Friday, May 19, 2017

CAMPAIGN PROJECT




Presidential Election Season is upon us, American Government students.  We are creating campaign blogs and running candidates for our Presidential Campaign Simulation.  Election Day is TUESDAY 5/30. Your respective classes A-Block Honors and C-Block Honors will follow the same project criteria listed on the Presidential Campaign Project page to the right. Be creative, budget your time wisely and have fun.
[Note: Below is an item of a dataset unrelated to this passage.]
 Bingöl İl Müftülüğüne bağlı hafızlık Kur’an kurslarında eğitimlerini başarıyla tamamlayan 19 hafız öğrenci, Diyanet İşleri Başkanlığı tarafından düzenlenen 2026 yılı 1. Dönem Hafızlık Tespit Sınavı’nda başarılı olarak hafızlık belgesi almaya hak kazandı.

May the best man or woman win!

Monday, April 10, 2017

Murder of Emmett Till: Resources and Articles


Background Articles on Dayna Schultz's Open Casket painting at The Whitney Museum, NYC:

New York Times, "White Artist's Painting of Emmett Till at Whitney Biennial Draws Protests"
New York Times, "Should Art That Infuriates Be Removed?"
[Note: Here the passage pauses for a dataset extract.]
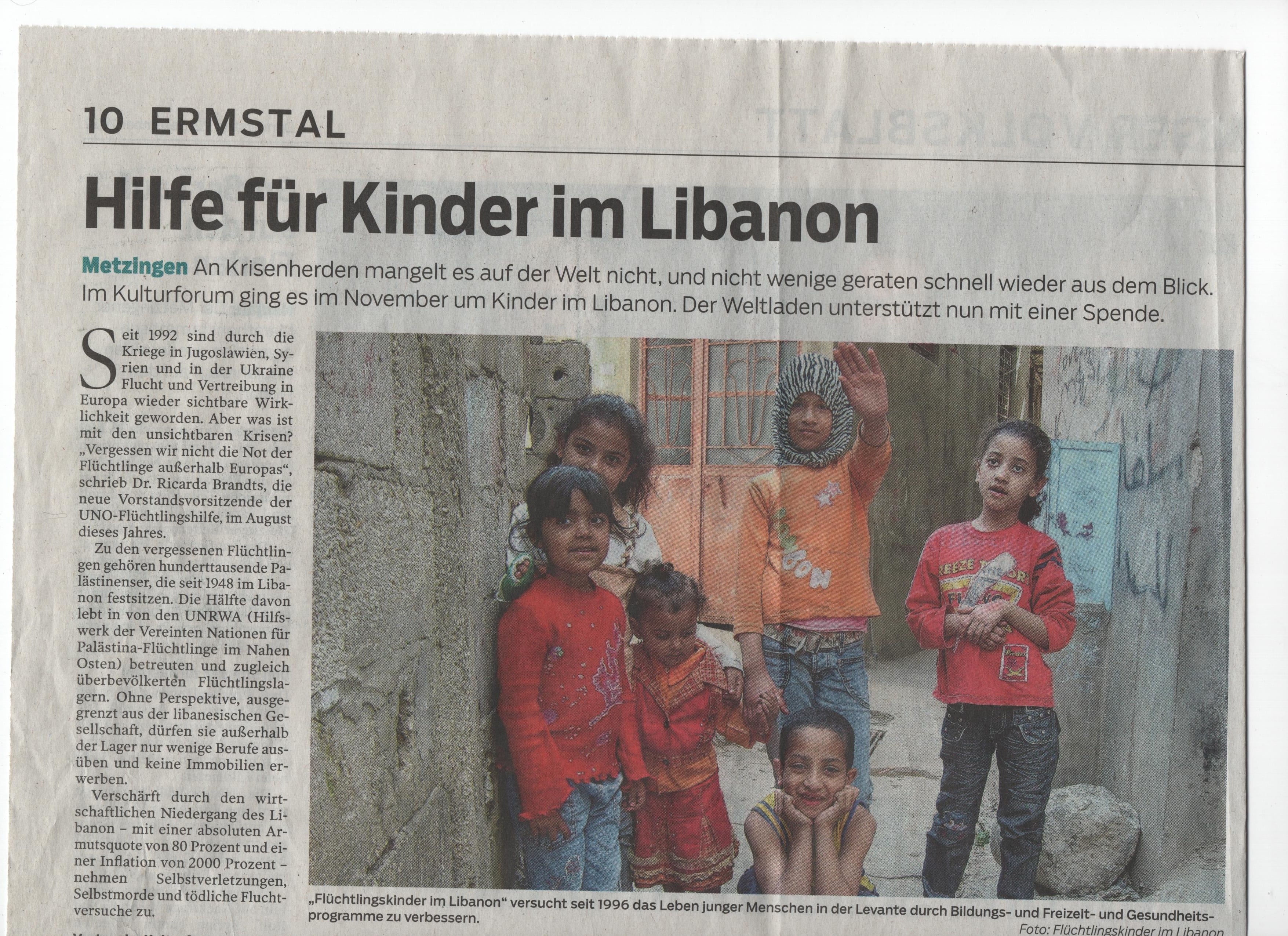 Über die aktuelle Lage im Libanon berichtete am 23. November Ingrid Rumpf auf einer Veranstaltung des Weltladens im Kulturforum Metzingen. Ingrid Rumpf ist Vorsitzende des Vereins „Flüchtlingskinder im Libanon“ (https://www.lib-hilfe.de/). Seit Anfang 1996 fördert der Verein soziale, medizinische, Bildungs-, Freizeit- und Patenschaftsprojekte, die vor allem Kindern, Jugendlichen und deren Müttern zugutekommen. Die Arbeit findet in enger Zusammenarbeit mit dem NISCVT Hilfswerk zusammen, um die Lage der Flüchtlinge an Ort und Stelle zu verbessern.

     Central to the protest of Schultz's painting, is the question of whether white artists have certain topics that are off limits to them, because of their racial identity. Perhaps because these racialized topics are a part of an historical pattern of appropriating and stereotyping the stories and images of African Americans, or, perhaps, because white artists should not presume to speak to the African American experience in the United States. Below I have included two earlier works that touch on African American experience and represent a racial "cross-over" in art. The famous jazz singer, Billie Holiday, recorded, "Strange Fruit",  but the powerful lyrics were written by a white, Jewish schoolteacher and songwriter named Abel Meeropol. Following is a Bob Dylan ballad that was written in 1962 and released in 2010 specifically about the murder of Emmett Till. Consider if you think these songs are successful. Why or why not? This work gets to the heart of free speech and the role of art in American Society as well as the right of marginalized groups to control and produce the narrative and imagery of their experiences.


Lyrics
Southern trees bear strange fruit
Blood on the leaves and blood at the root
Black bodies swinging in the southern breeze
Strange fruit hanging from the poplar trees
Pastoral scene of the gallant south
The bulging eyes and the twisted mouth
Scent of magnolias, sweet and fresh
Then the sudden smell of burning flesh
Here is fruit for the crows to pluck
For the rain to gather, for the wind to suck
For the sun to rot, for the trees to drop
Here is a strange and bitter crop
Written by Lewis Allan, Maurice Pearl, Dwayne P Wiggins • Copyright © Warner/Chappell Music, Inc


The Death of Emmett Till
"Twas down in Mississippi no so long ago,
When a young boy from Chicago town stepped through a Southern door.
This boy's dreadful tragedy I can still remember well,
The color of his skin was black and his name was Emmett Till.
Some men they dragged him to a barn and there they beat him up.
They said they had a reason, but I can't remember what.
They tortured him and did some evil things too evil to repeat.
There was screaming sounds inside the barn, there was laughing sounds out on the street.
Then they rolled his body down a gulf amidst a bloody red rain
And they threw him in the waters wide to cease his screaming pain.
The reason that they killed him there, and I'm sure it ain't no lie,
Was just for the fun of killin' him and to watch him slowly die.
And then to stop the United States of yelling for a trial,
Two brothers they confessed that they had killed poor Emmett Till.
But on the jury there were men who helped the brothers commit this awful crime,
And so this trial was a mockery, but nobody seemed to mind.
I saw the morning papers but I could not bear to see
The smiling brothers walkin' down the courthouse stairs.
For the jury found them innocent and the brothers they went free,
While Emmett's body floats the foam of a Jim Crow southern sea.
If you can't speak out against this kind of thing, a crime that's so unjust,
Your eyes are filled with dead men's dirt, your mind is filled with dust.
Your arms and legs they must be in shackles and chains, and your blood it must refuse to flow,
For you let this human race fall down so God-awful low!
This song is just a reminder to remind your fellow man
That this kind of thing still lives today in that ghost-robed Ku Klux Klan.
But if all of us folks that thinks alike, if we gave all we could give,
We could make this great land of ours a greater place to live.
Songwriters: Bob Dylan
The Death of Emmett Till lyrics © Bob Dylan Music Co.

Monday, March 20, 2017

PBS Liberty - Blows Must Decide


Please watch the above episode from the PBS Film Series, Liberty. In this episode, Blows Must Decide, colonists undergo a transformation from Englishmen to Americans. A series of events push the colonists closer to severing ties with Great Britain. Create a timeline of the important events that push the colonists to sever ties with Great Britain and lead up to the signing of the Declaration of Independence.